Schwäbische Zeitung (Riedlingen)
Wundersame Reise durch die Märchenwelt
Märchen als Türöffner und Wegweiser in der Hospizarbeit
RIEDLINGEN/UTTENWEILER (sz) Die Hospizgruppe Riedlingen-Uttenweiler hat einen Fortbildungstag im Kloster Untermarchtal absolviert. Christa Schwendele, Leiterin der Hospizgruppe, war es gelungen, die Erzählkünstlerin Sigrid Maute aus Balingen für diesen Tag zu gewinnen. Die professionelle Erzählkünstlerin nahm die Teilnehmer mit auf eine wundersame Reise durch die Welt der Märchen.
Erzählungen und Hintergrundinformationen zu den Märchen wechselten sich in Sigrid Mautes Vortrag ab und vermittelten den Zuhörern einen tiefen Einblick in Herkunft, Wesen und Bedeutung dieser besonderen Literaturform.
Hier geht es um die uralten Fragen von Gut und Böse, Treue und Ehrlichkeit. Aber auch um die Fragen von Leben und Sterben: Der Tod kommt nicht als Schreckensgestalt, sondern als ein gerechter Begleiter, der jedem ohne Ansehen der Person begegnet.
So waren Märchen Wegweiser und Lebensanleitung in einer Zeit, in der es keine modernen Medien gab – heute würden sie oft durch Spiderman und Harry Potter ersetzt, die durch die Gestaltung schon alle Bilder vorgeben und der Fantasie nur wenig Raum gäben, so Maute.
„Die Grausamkeit, die Erwachsene in die Geschichten hinein interpretieren, nehmen Kinder so nicht wahr“, sagte Maute zu den Märchen. Vielmehr erlebten die kleinen Zuhörer eine ausgleichende Gerechtigkeit in den Geschichten, wenn der Übeltäter zu Fall gebracht werde. Sie identifizierten sich mit der dargestellten guten Hauptfigur und freuten sich an den Helfern, die zum Beispiel dem Dummling oder dem jüngsten Bruder zur Seite stehen und ihn unterstützen, die Prüfungen zu bestehen.
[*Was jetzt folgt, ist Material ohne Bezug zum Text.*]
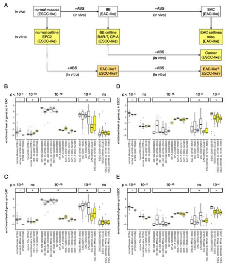 Summary of the main findings of this study. (A) Gatroesopahegal reflux is a known risk factor that changes ESCC-like normal mucosa to EAC-like primary BE tissue, after which it remains EAC-like as further ABS exposure changes it from primary BE tissue to primary EAC tumor. Cell lines made from ESCC-like normal mucosa remains ESCC-like and quite similar to normal mucosa. Cell lines made from the EAC-like primary BE tissue surprisingly becomes ESCC-like and extremely different from primary BE tissue. Cell lines made from primary EAC tumor remains EAC-like but becomes considerably different from primary EAC tumor. Unlike cell lines made from primary EAC tumor which are at least EAC-like, malignantly transformed BE cell lines (due to in vitro ABS exposure) are surprisingly ESCC-like. It will be interesting to see whether in vitro ABS exposure changes the transcriptome of the normal cell line EPC2 from ESCC-like to EAC-like. Enrichment levels of (B) 100 EAChi genes, (C) 500 EAChi genes, (D) 100 ESCChi genes, and (E) 500 ESCChi genes in tissues (white) vs. cell lines (yellow): (i) normal esophagus mucosa and squamous esophagus vs. the normal cell line EPC2, (ii) normal esophagus muscularis and gastro–esophageal junction vs. the normal cell line Het-1A, (iii) primary BE tissues vs. BE cell lines, (iv) EAC tumors vs. EAC cell lines, and (v) ESCC tumors vs. ESCC cell lines. The results show that: (B,C) enrichment level of EAChi genes is (iii) substantially lower in BE cell lines than primary BE tissues and (iv) considerably lower in EAC cell lines than EAC tumors, and (D,E) enrichment level of ESCChi genes is (iii) substantially higher in BE cell lines than primary BE tissues but (iv) not in EAC cell lines than EAC tumors.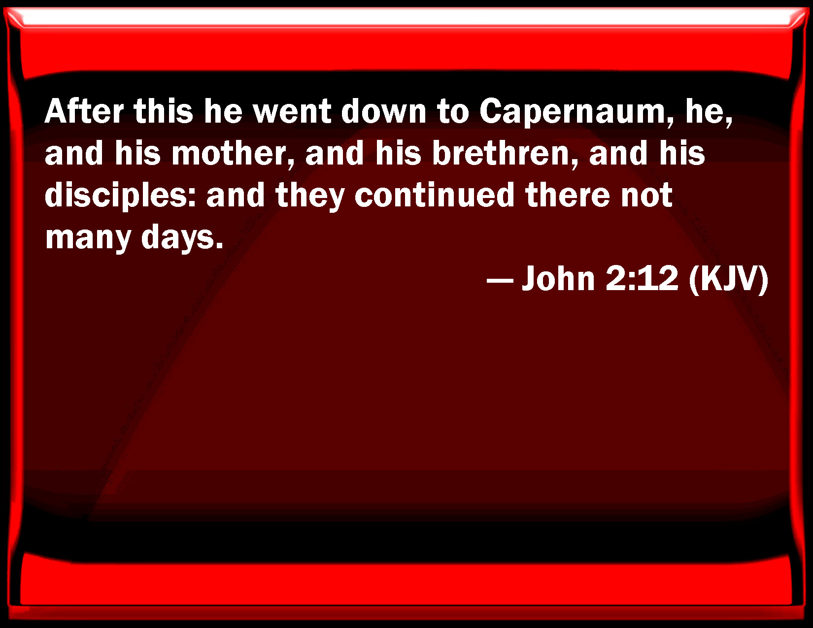 Bible Verse Slide John 2:12 After this he went down to Capernaum, he, and his mother, and his brothers, and his disciples: and they continued there not many days. KJV: After this he went down to Capernaum, he, and his mother, and his brethren, and his disciples: and they continued there not many days. DRB: After this he went down to Capharnaum, he and his mother, and his brethren, and his disciples: and they remained there not many days. DBT: After this he descended to Capernaum, he and his mother and his brethren and his disciples; and there they abode not many days. ERV: After this he went down to Capernaum, he, and his mother, and his brethren, and his disciples: and there they abode not many days. WBT: After this he went down to Capernaum, he, and his mother, and his brethren, and his disciples; and they continued there not many days. WEB: After this, he went down to Capernaum, he, and his mother, his brothers, and his disciples; and they stayed there a few days. YLT: after this he went down to Capernaum, he, and his mother, and his brethren, and his disciples; and there they remained not many days.Links John 2:12 NIV • John 2:12 NLT • John 2:12 ESV • John 2:12 NASB • John 2:12 KJV • John 2:12 Interlinear • John 2:12 Commentaries • John 2:12 Parallel Texts • John 2:12 Bible Apps • John 2:12 Parallel • Bible Hub |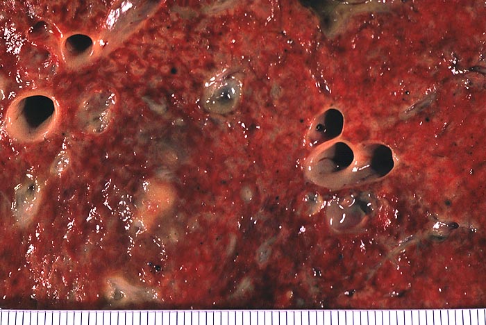 Infolge Parenchymeinschmelzung haben sich mehrere Abszesse im Parenchym ausgebildet. Die Galle verleiht dem Eiter einen grünlichen Farbton.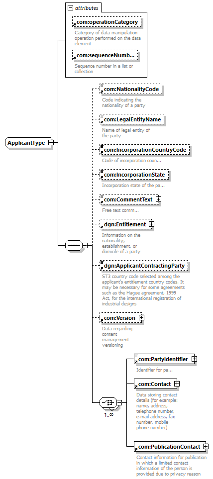 | children | com:NationalityCode com:LegalEntityName com:IncorporationCountryCode com:IncorporationState com:CommentText dgn:Entitlement dgn:ApplicantContractingParty com:Version com:PartyIdentifier com:Contact com:PublicationContact | |||||||||||||||||||||||||||||||||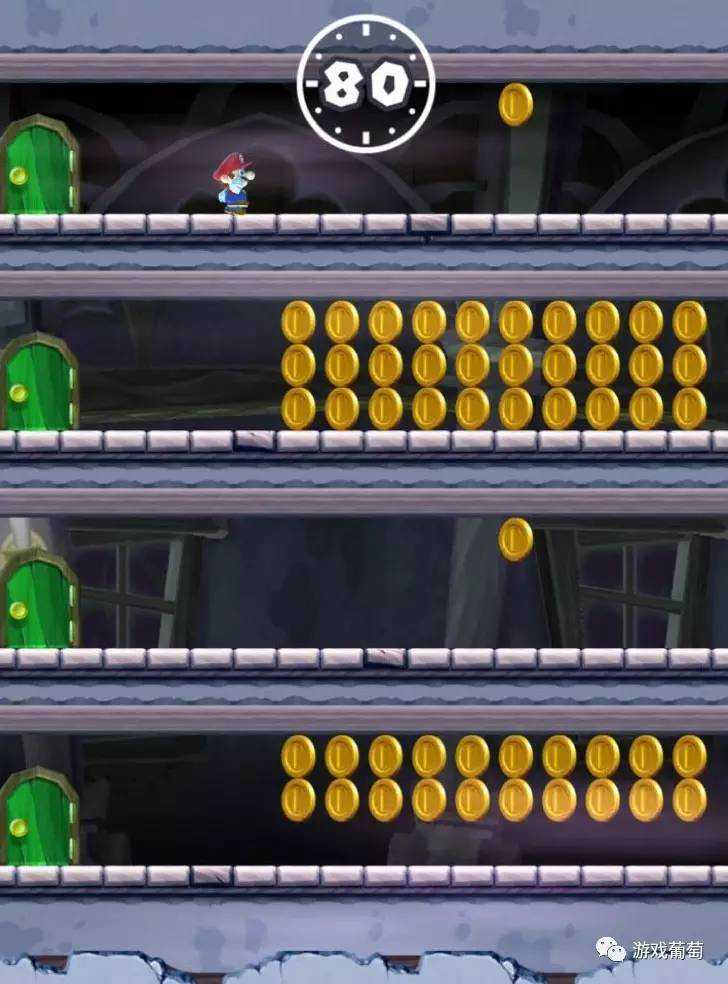 紫币的位置更加刁钻。如下图,玩家需要在踩踏怪物的一瞬间长按屏幕,才能吃到紫币: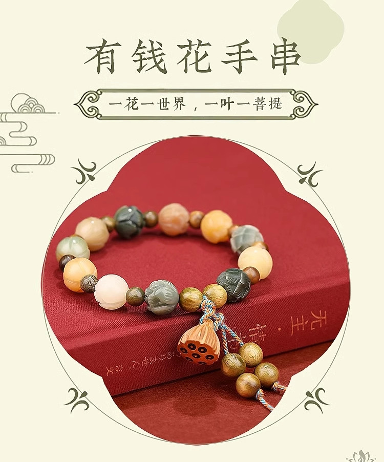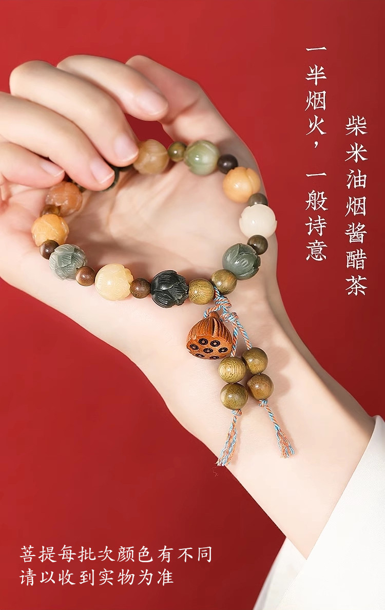 材质: 菩提(人工优化)+绿檀+桃木+编绳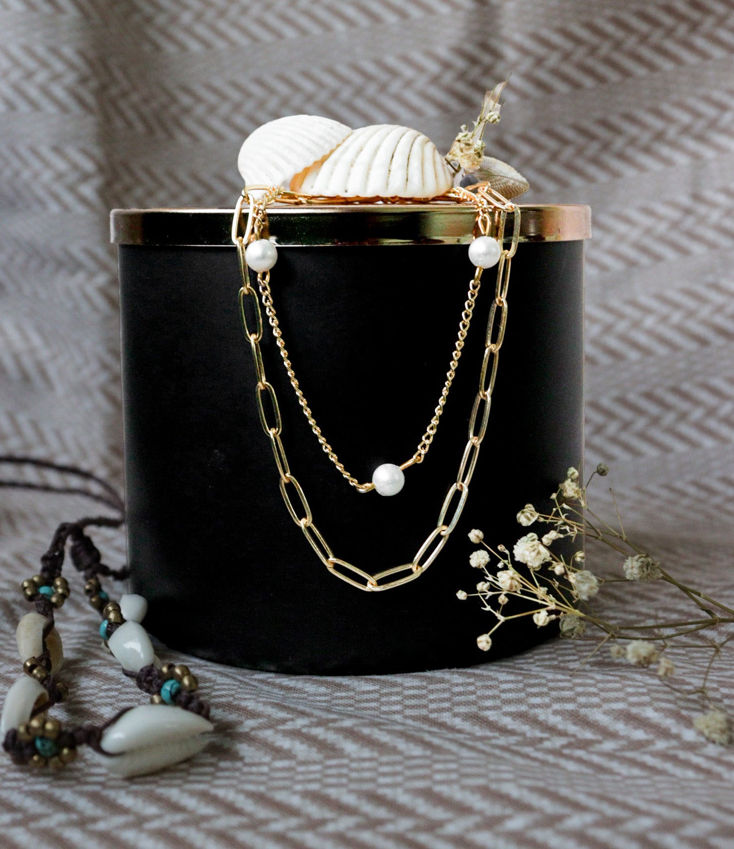This two-layered anklet combines a bold chain with white pearls. Wear it confidently to elevate your look with elegance and modern charm.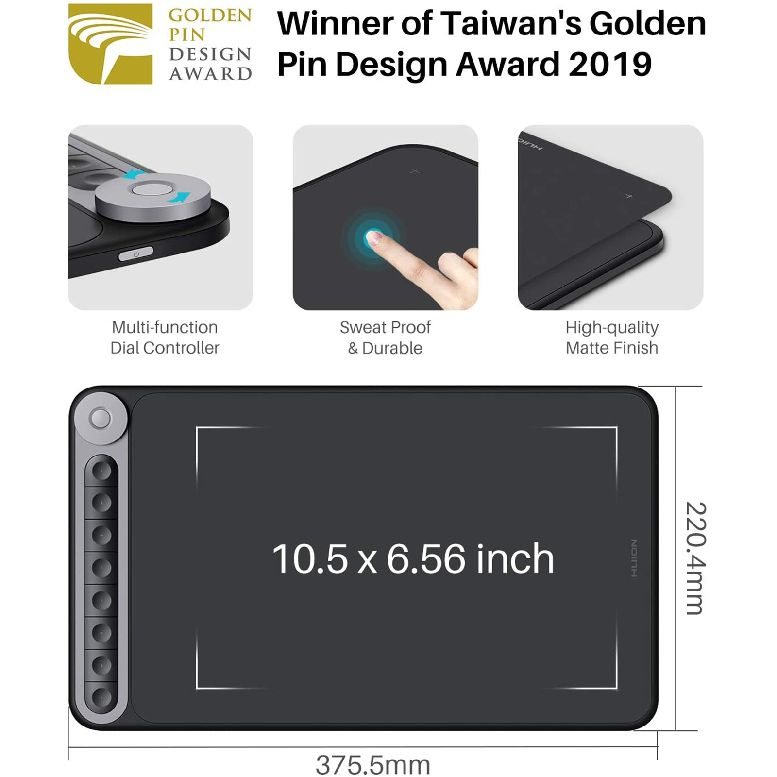 Made of superior ABS plastics and metal, Inspiroy Dial distinguishes itself with exclusive aesthetic design and exquisite workmanship. Besides, 10.5x6.5 inch active area ensures you a large canvas for expressing creativity.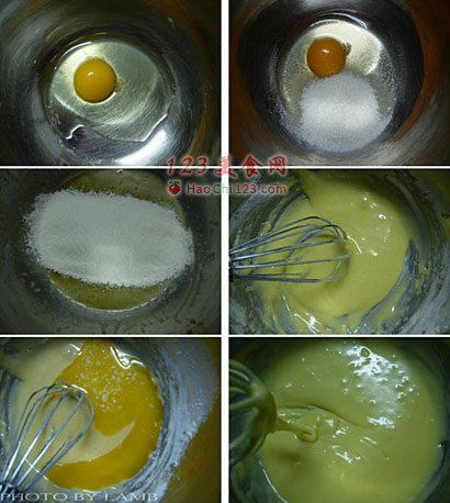 3、将低粉和泡打粉混合过筛后倒入蛋液中。搅拌均匀。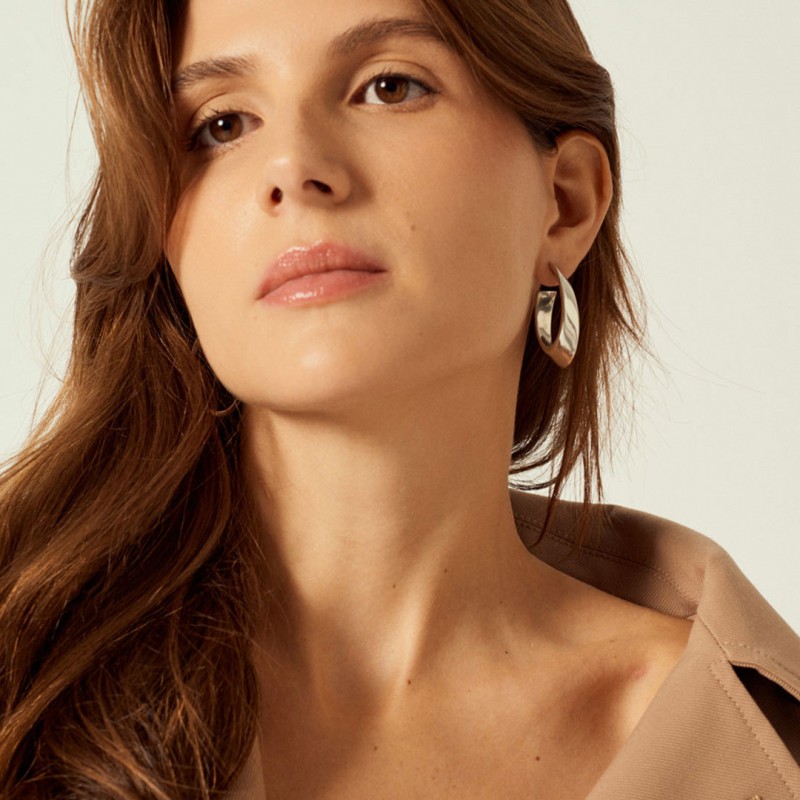 Boucles d'oreilles Créoles ovales Plaquées Argent.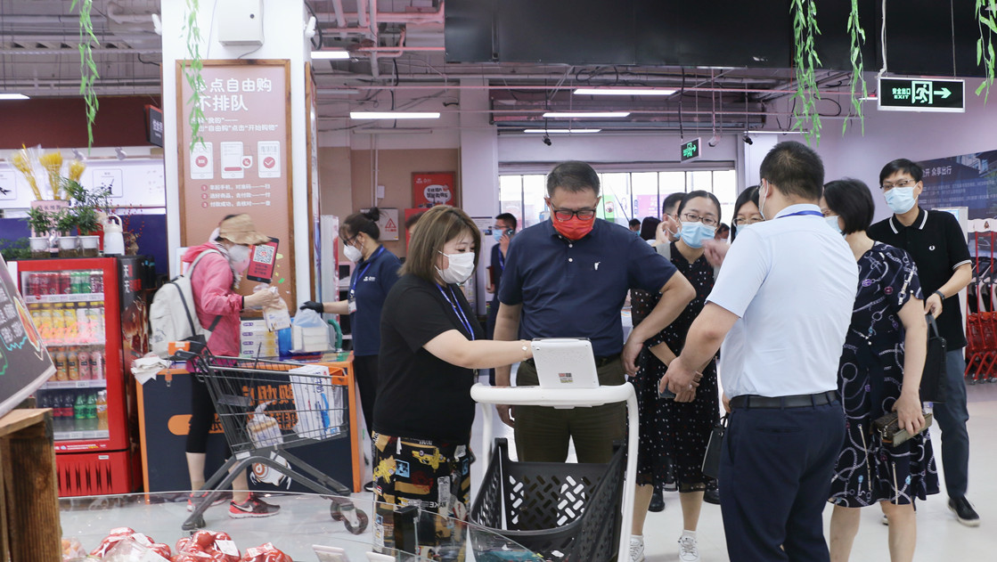 戴井岗一行首先参观了 “物美+多点”模式下的数字化标杆门店——联想桥店,在江为的讲解下,参观了智能锁购物车、电子价签、周转前置仓、数字可视化管理系统,了解了该店重装升级后,由传统超市向零售数字化门店转型的全过程。在物美集团总部,刘德舆介绍了物美集团的发展历程和荣誉史,戴井岗对物美集团所取得的成绩给予了高度评价。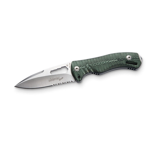 Професионален спасителен нож с дръжка от Micarta®, фиксирано и заострено острие, "комбо" (полуназъбено) и сатиниран финиш. Вграден стъклотрошач в задната част на дръжката. Няколко отвора за шнур на дръжката, където може да се закрепи шнур или въже. Шестоъгълен магнитен държач за стандартна 1/4'' (6,35 мм) вложка върху дръжката. Профил за гайка (мм.7-8-10-13) в острието. Препоръчителни аксесоари: Професионална кания от Cordura® " TOP.EGG " (без вложки и удължител) или " TOP.EGG_&_BITS " (стандартна "TOP.EGG" + специален допълнителен джоб за прикрепване към основната обвивка с вложки и удължител).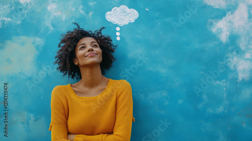 Woman Smiling at Chalk Thought Bubble on Painted Wall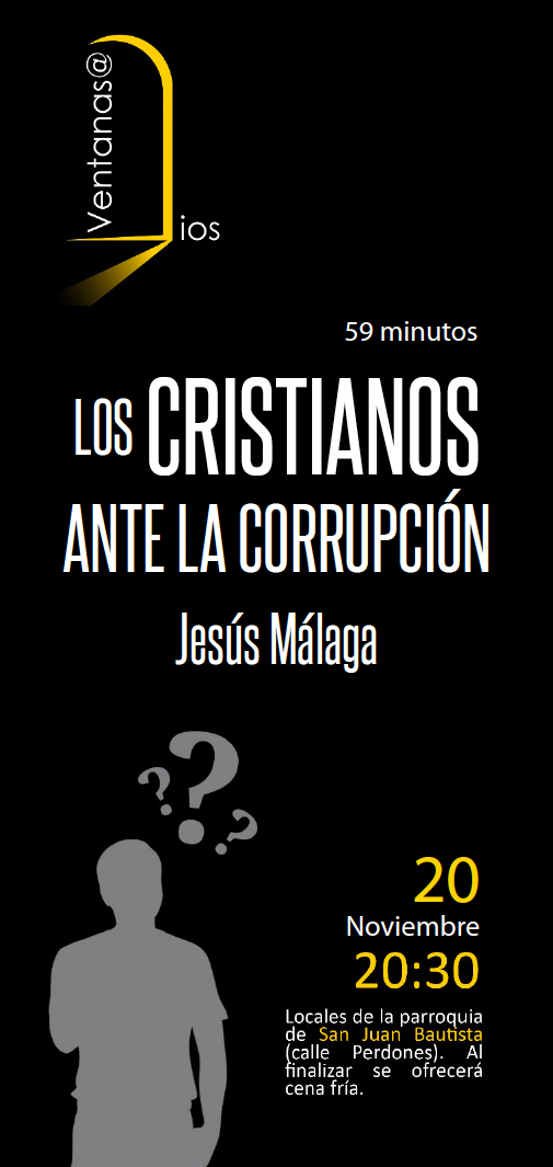 • Lunes, 20 de noviembre: 59´: “Los cristianos ante la corrupción”, a cargo de Jesús Málaga Guerrero, ex-alcalde de Salamanca, a las 20.30 h. en los locales parroquiales de San Juan Bautista (C/ Perdones).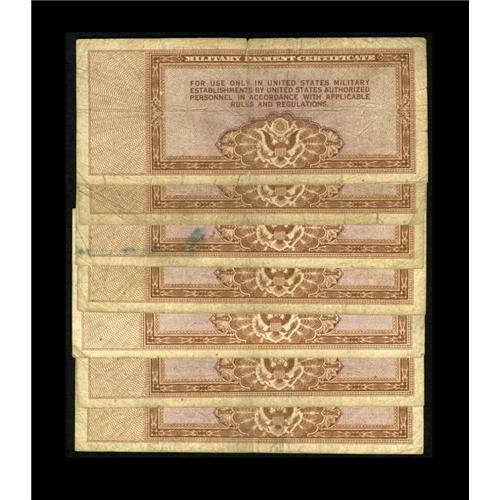 <B>Series 472 $5 Seven Examples. Very Good.</B></I> Seven examples of this scarce note, all right around the same grade. One of the notes has a small hole, one has a tear and paper-clip rust, and three have some stray marks or stains.
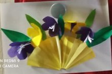 - Формировать умения наклеивать детали цветка из цветной бумаги, правильно располагать композицию на листе бумаги, аккуратно работать с бумагой и клеем;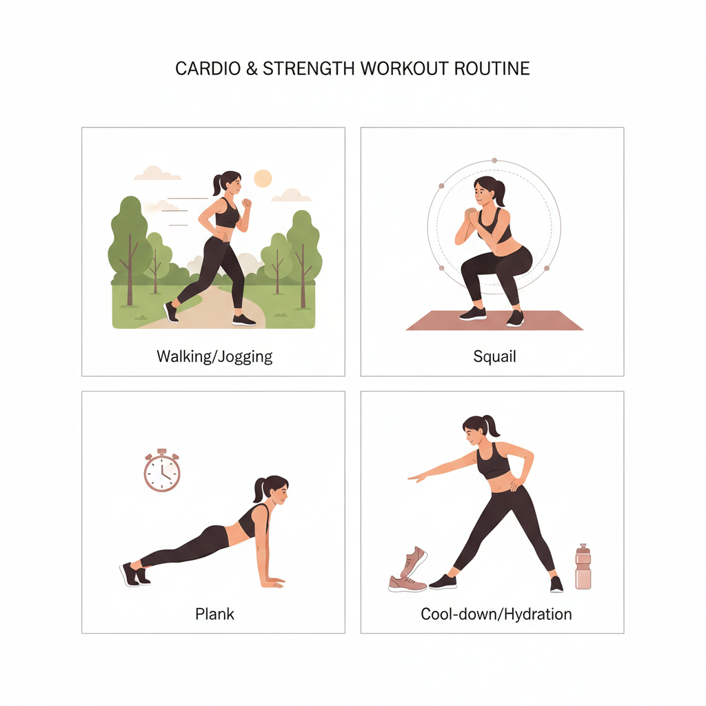 복합 운동의 병행: 체지방 연소를 위한 유산소 운동과 기초대사량 증진을 위한 근력 운동을 적절한 비율로 조합합니다.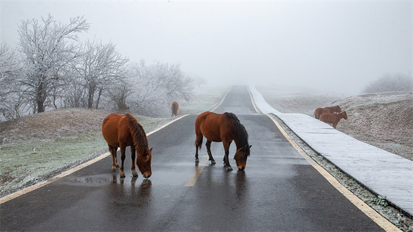 走進仙女山大草原,遠處的樹枝上、草叢間已經有了星星點點的白色,仿佛是大自然這位神奇的畫家,用白色的顏料隨意揮灑,勾勒出了一幅絕美的冬日畫卷。雨滴夾雜著細小的雪花飄落,打在身上,帶來絲絲涼意的同時,更增添了一份驚喜。在這里,你可以肆意奔跑,與這片純凈的白茫茫世界親密接觸,感受冬日特有的那份寧靜與祥和。此時,不妨拿出你的手機或相機,記錄下這難得一見的美景。

„Märchen sind keine Lügengeschichten für Leichtgläubige, sondern zauberhafte Poesie gegen die Trostlosigkeit des Daseins ohne Wunder“, zitierte Maute den Autor und Märchenfachmann Dr. Heinrich Dickerhoff zitiert. Märchen begleiteten durch die Zeiten vom Kindsein bis zum Tod und „Märchen können Türen öffnen, die lange verschlossen waren“, so eine Erfahrung und ein neuer Aspekt für Pflege und Hospizarbeit. Ältere Menschen fänden im Märchen eigene Fragen und Träume wieder und oft auch eine unbewusste Hilfestellung, um in schwierigen Lebenssituationen Lebensmut zu bewahren. Durch die bilderreiche Sprache nähmen sie für sich heraus, was für sie wichtig sei, ohne dass der Erzähler etwas deuten müsse.
Ein großer Applaus und der Dank der Gruppe machte deutlich, wie sehr die Referentin die Teilnehmer begeistert hatte.